— Сложение у тебя, братишка, как у юноши, — говорил Иванов, деловито накладывая на спину горчичник. — Ты словно и не жил. Погоди, ты еще развернешься у нас. У, ты ведь бабник, скрытый бабник; такие самые злые! Ну-ка, привстань. Чего дрожишь?
— У тебя ж пальцы как у мертвяка...— сквозь зубы жаловался Алексей Никитич.
— Терпи, для твоей же пользы! — И вдруг стал догадываться. — Э, а уж не подагра ли у тебя, Алексей?
Оно прозвучало грозно, это слово старости.
С серым лицом и глазами в потолок, Алексей Никитич лежал посреди них, в равной мере удивленный и ослабленный припадком. Боль проходила, и он порывался ехать на крушенье, но его не пустили. Наперебой друзья старались повеселить его. Табунцов делал вид, будто фотографирует его головкой сыра; захмелевший Тютчев поверх одеяла засунул ему под мышку огурец вместо градусника. Алексей Никитич улыбнулся, но слушал иное. Водосточная труба проходила тотчас за окном. Ливень не прекращался. И если вслушаться, получалось, будто в другом конце трубы играет осипший, разбитый патефон...
Он так и не слышал, как все они, кроме Ефима Демина, разошлись по домам.
УТРО
Вот истончается сон, и Курилова будит слабый шелест стружки. Арсентьич чинит окно. Разбухшие от сырости рамы не прикрываются плотно; в непогоду сквознячки разгуливают по квартире. Курилов осторожно двигает плечом: нет, не болит, ничего и не было! Вместе с ночью ушла и боль. Ему досадно на себя за вчерашнюю слабость, — вчерашнее всегда маленькое. Достойна осмеяния болезнь, излеченная двумя пакетиками горчицы. Какая там подагра! Это поганое слово скорее обидело, чем испугало его. Оно связано с представлением о безделье и излишествах, которых он не изведал. Ты соврал, недоучившийся заволжский фельдшер!
Попросту, здоровье, на которое он никогда не обращал внимания, напоминало о себе. Надо бы не пропустить зимы, купить коньки или съездить на месяц в дом отдыха, хотя бы в ту же Борщню. Заведующий усадьбой клялся, что в голодуху все население окрестных деревень питалось исключительно зайчатиной. То-то бы пострелять! С его слов Алексей Никитич добросовестно изучил топографию местности. Тотчас за бугристым холмом, что, по местной легенде, притащил на себе безвестный разбойник Спирька, на сотню километров распростирается нерубленое чернолесье.

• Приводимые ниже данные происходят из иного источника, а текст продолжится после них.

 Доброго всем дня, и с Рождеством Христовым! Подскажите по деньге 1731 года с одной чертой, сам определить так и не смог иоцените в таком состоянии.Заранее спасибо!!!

Кажется, Тютчев хвастался своим ружьишком?.. И вот воображение ставит Алексея Никитича на лыжи и спускает с крутой и снежной Спирькиной горы, запудривает до макушки снежной пылью и бешено несет к лесу, который сперва пропадает и вдруг в белом вихре вскидывается над головой. Знойко и весело от мокрого холодка, что струится ему за ворот... Раннее утро скупится на краски. Все, лес и поле, по-детски намазано синькой. И даже невысокое зимнее солнце, красное, сплющенное и большое, точно нарисовано ребенком.

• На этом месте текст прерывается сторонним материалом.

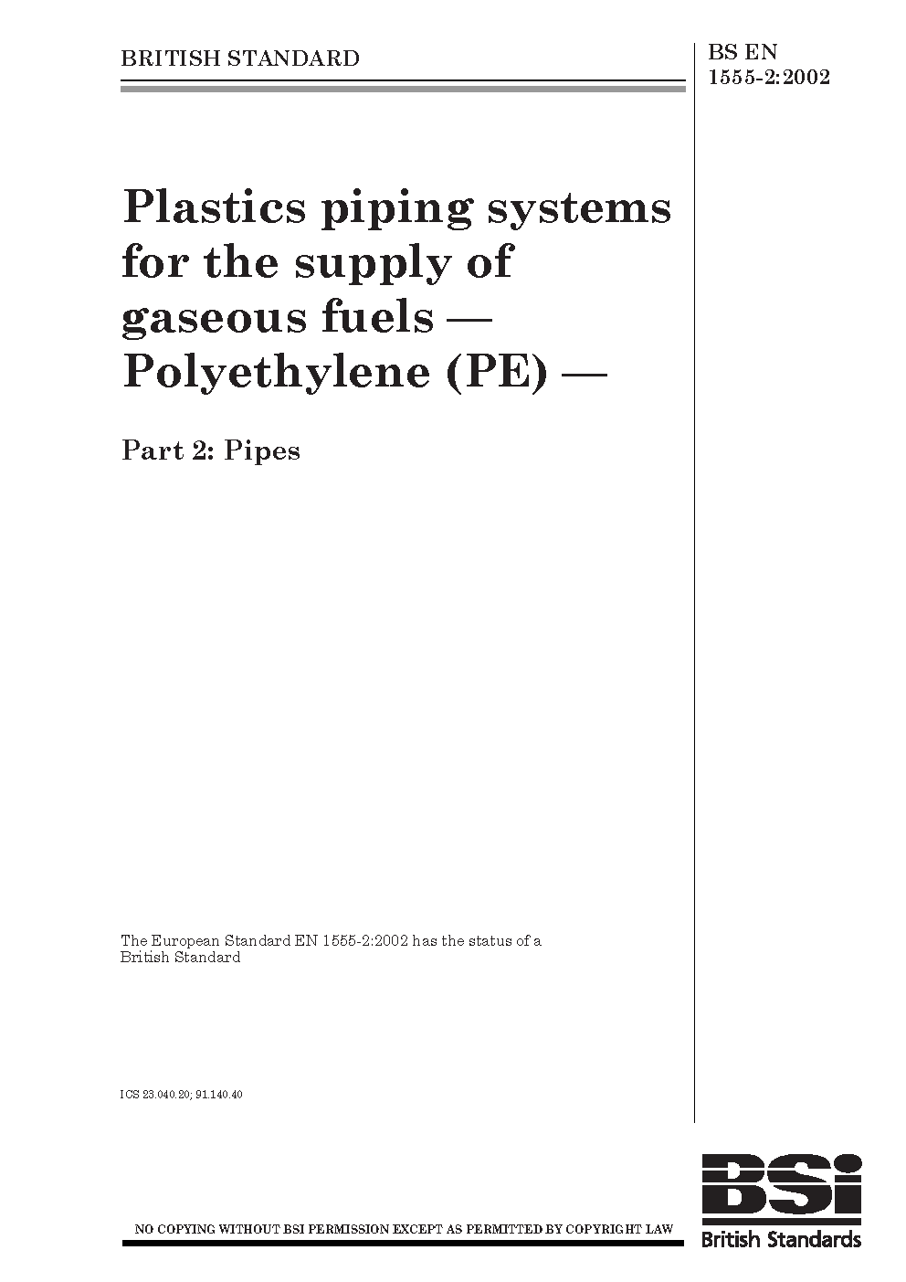 Plastics piping systems for the supply of gaseous fuels. Polyethylene (PE) Pipes

...Он открывает глаза. На прибранном столике сверкает свежий хлеб в плетенке и деликатной струйкой бьется из чайника пар. «О Арсентьич, ты как древний Мидас из похвисневской книжки! Ты обращаешь в золото все, к чему протянешь руку. Ты коснулся моей юности, и она зазвенела, как песня. Ты строишь машины и всякие инструменты, которыми человек меняет лицо мира. В годы нэпа ты оживлял омертвевшие станки. Люди от встречи с тобой делаются человечнее и умнее. Ты умеешь не только блюминги и ахтерштевни — ты умеешь жизнь!..» Ладно, что не довел вчерашней речи до конца. Она неминуемо закончилась бы тостом во здравие Океана. Посмеялся бы Арсентьич, Кутенко счел бы Алексея своим союзником. «Други, милые, телесные, живые соратники, самая большая река Океана, куда мы все течем!»

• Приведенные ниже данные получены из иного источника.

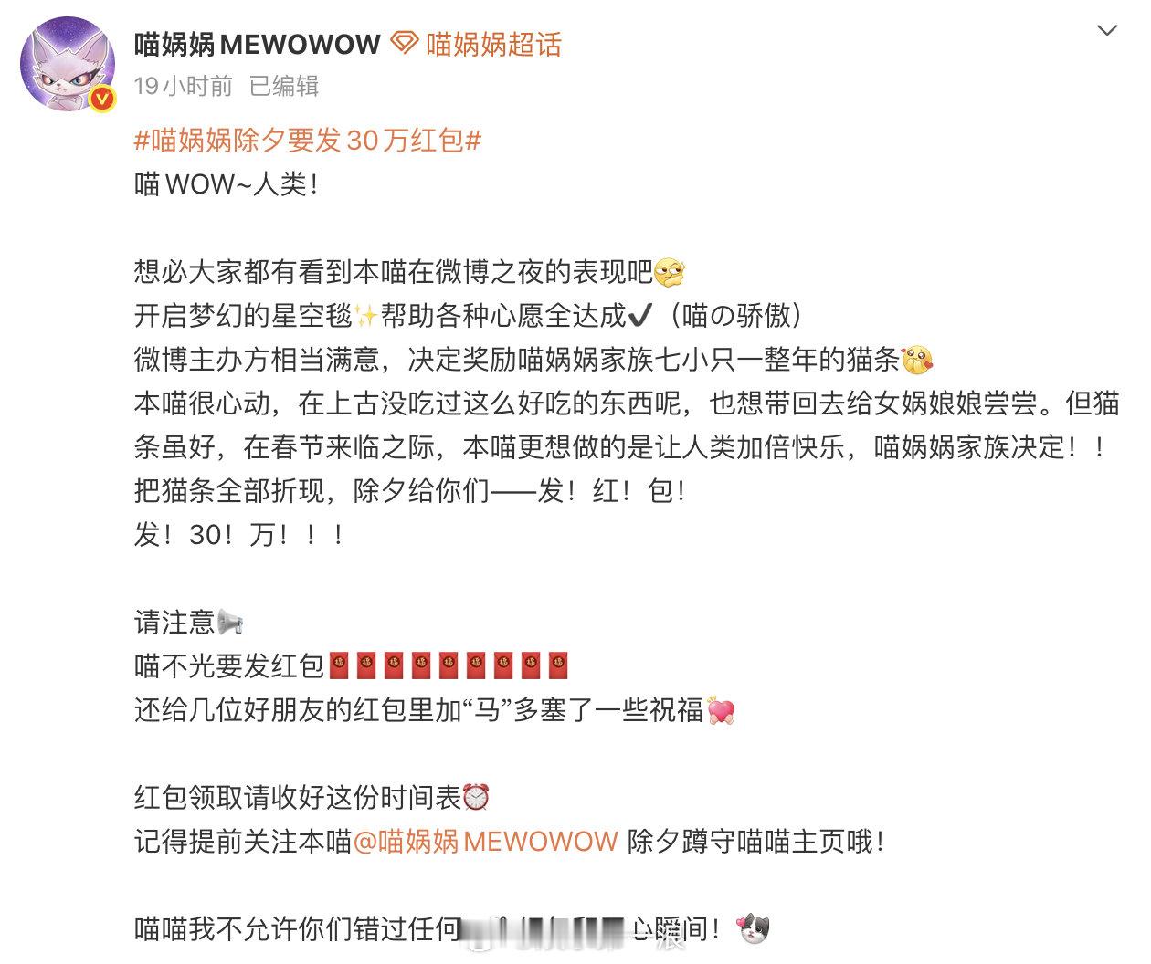 喵娲娲红包返场 什么?已经发了30万了还要返场?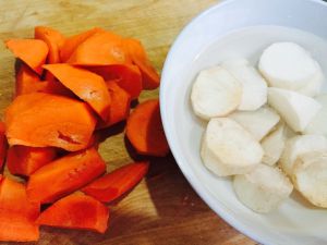 胡萝卜和长山药洗净备用,长山药泡凉水里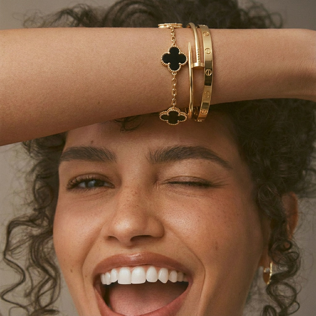 • Trinity & Clover Bracelet: A delicate and adjustable bracelet (16+5 cm) with charming details, available in gold or silver.
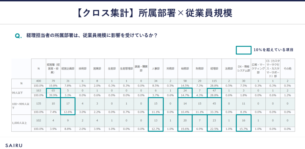 一方、従業員100人以上の企業になると、組織構造がより専門化し、経理部に所属する担当者が経理業務を行うケースが最も多くなります。しかし注目すべきは、これらの企業でも経営企画部や人事部など、他部署に所属しながら経理業務を担当している人材が一定数存在することです。これは、経理機能が複数の部署に分散していたり、部門横断的な業務設計がなされていたりすることを示唆しています。

Мигая мне, чтоб я подождал его, он вскакивает и босыми ногами бежит в ванную. Упругая ноябрьская вода скрипит в ладонях; он льет ее нещадно на себя в наказанье за вчерашнее малодушие. (Катеринка всегда бранилась за эти брызги на известковых стенах.) Потом, на правах временной хозяйки, Арсентьич приглашает к столу. Облачась в профессорские очки, старик развертывает газету. В комнате становится светлее. Как всегда, он читает вслух. Япония рыщет по Монголии, Литвинов едет в Америку, французская эскадрилья летит в Москву. И опять ни слова о Катеринке; мертвая, она все еще здесь!